失踪者が見つかった場合は失踪宣告を取り消すことができる
「失踪宣告をしてしまったけど行方不明者が見つかった」
このような場合は失踪宣告の取り消しができます。
失踪の取り消しの方法
失踪申告を取り消すには本人か上記で説明した利害関係がある人なら家庭裁判所で行うことができます。
(失踪の宣告の取消し)
第三十二条 失踪者が生存すること又は前条に規定する時と異なる時に死亡したことの証明があったときは、家庭裁判所は、本人又は利害関係人の請求により、失踪の宣告を取り消さなければならない。この場合において、その取消しは、失踪の宣告後その取消し前に善意でした行為の効力に影響を及ぼさない。
【引用:民法第32条】
失踪宣告の取り消しを行うことで生じる3つの問題
失踪宣告を行うことで受け取ってしまった保険金や財産、再婚した場合の問題はどうなるのか説明していきます。
受け取った保険金は返還する
使ってしまった保険金は返還する必要はありませんが、手元に残っている分の保険金は保険会社に返還しないといけません。
(失踪の宣告の取消し)
第三十二条
2 失踪の宣告によって財産を得た者は、その取消しによって権利を失う。
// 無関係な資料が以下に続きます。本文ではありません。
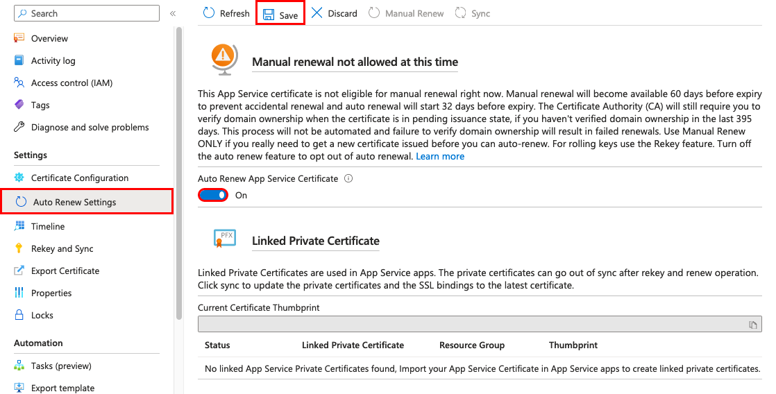 Enable auto renewal Select whether to automatically renew the certificate before expiration. Each renewal extends the certificate expiration by one year. The cost is charged to your subscription.

ただし、現に利益を受けている限度においてのみ、その財産を返還する義務を負う。
【引用:民法第32条】
失踪宣告をした後に再婚をしてしまった場合
再婚した状態で行方不明が見つかった場合は重婚になってしまうので、どちらか選ばなくてはなりません。行方不明者が生きているのを諦めて再婚した場合は後から結婚した人と夫婦になります。
しかし、意図的にどちらかが身を隠していた場合には再婚は認められません。どちらかが行方不明者は生きていると知っているのであれば、再婚は取り消しになります。その場合は、行方不明者と夫婦関係に戻ります。
財産は返還する義務がある
失踪宣告の取り消しをするということは、生きているということなので相続人に引き継がれた財産は行方不明者に返還する義務があります。
ただし、利益を得た分しか返還してもらえません。利益を得た分というのは引き継がれた財産によって生活に余裕ができた分のことです。
パチンコ・宝くじなどのギャンブルなどでなくなってしまった財産は、利益を特に得ていないので返還してもらうことはできません。
(失踪の宣告の取消し)
第三十二条
2 失踪の宣告によって財産を得た者は、その取消しによって権利を失う。ただし、現に利益を受けている限度においてのみ、その財産を返還する義務を負う。
【引用:民法第32条】
まとめ
行方不明になった人のことは諦めることはできませんが、失踪宣告をすることで財産・保険金を受け取ることができます。また、離婚もできるので将来のことを考えた場合に再婚をするのもひとつの方法です。
失踪宣告は残された人に恩恵がある制度です。行方不明者の分まで生きるために、失踪宣告は使うのをおすすめします。